Material provided section start

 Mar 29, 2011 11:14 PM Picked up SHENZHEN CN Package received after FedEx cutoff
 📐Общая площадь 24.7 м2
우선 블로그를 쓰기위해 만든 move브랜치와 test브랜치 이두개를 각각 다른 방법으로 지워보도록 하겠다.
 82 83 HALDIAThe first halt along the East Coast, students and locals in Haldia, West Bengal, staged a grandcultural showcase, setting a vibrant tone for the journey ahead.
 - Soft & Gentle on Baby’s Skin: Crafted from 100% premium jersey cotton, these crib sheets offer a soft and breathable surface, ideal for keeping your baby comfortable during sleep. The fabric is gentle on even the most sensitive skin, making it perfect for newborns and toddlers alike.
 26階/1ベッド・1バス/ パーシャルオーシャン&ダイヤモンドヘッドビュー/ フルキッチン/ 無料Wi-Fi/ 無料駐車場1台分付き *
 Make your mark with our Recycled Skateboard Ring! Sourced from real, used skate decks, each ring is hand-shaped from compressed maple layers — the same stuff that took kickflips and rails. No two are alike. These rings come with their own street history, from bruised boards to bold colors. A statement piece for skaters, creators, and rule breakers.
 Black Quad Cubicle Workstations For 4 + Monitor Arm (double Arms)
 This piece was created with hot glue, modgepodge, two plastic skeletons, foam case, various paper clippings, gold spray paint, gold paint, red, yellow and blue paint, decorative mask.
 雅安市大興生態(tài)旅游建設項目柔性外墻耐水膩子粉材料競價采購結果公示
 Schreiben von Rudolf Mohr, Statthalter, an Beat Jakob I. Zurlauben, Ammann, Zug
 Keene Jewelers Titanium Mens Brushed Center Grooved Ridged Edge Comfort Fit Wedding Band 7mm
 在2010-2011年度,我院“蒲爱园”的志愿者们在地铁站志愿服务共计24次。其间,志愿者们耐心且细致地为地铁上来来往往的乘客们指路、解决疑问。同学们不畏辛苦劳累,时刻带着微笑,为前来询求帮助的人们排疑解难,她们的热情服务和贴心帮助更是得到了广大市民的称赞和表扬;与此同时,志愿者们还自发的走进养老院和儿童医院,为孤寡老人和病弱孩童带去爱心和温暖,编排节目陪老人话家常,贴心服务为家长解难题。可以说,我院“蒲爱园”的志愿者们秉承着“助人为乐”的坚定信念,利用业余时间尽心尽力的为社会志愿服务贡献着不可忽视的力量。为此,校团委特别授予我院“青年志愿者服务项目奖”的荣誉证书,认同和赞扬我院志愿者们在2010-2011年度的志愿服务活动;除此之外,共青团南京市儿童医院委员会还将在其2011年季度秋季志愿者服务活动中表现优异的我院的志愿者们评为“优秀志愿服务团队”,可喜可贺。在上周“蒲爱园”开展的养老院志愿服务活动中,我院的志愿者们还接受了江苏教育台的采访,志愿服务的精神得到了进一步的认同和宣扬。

Material provided section end

Work to be completed
If a line in the material contains "piece", show it.

Response
 Make your mark with our Recycled Skateboard Ring! Sourced from real, used skate decks, each ring is hand-shaped from compressed maple layers — the same stuff that took kickflips and rails. No two are alike. These rings come with their own street history, from bruised boards to bold colors. A statement piece for skaters, creators, and rule breakers.
 This piece was created with hot glue, modgepodge, two plastic skeletons, foam case, various paper clippings, gold spray paint, gold paint, red, yellow and blue paint, decorative mask.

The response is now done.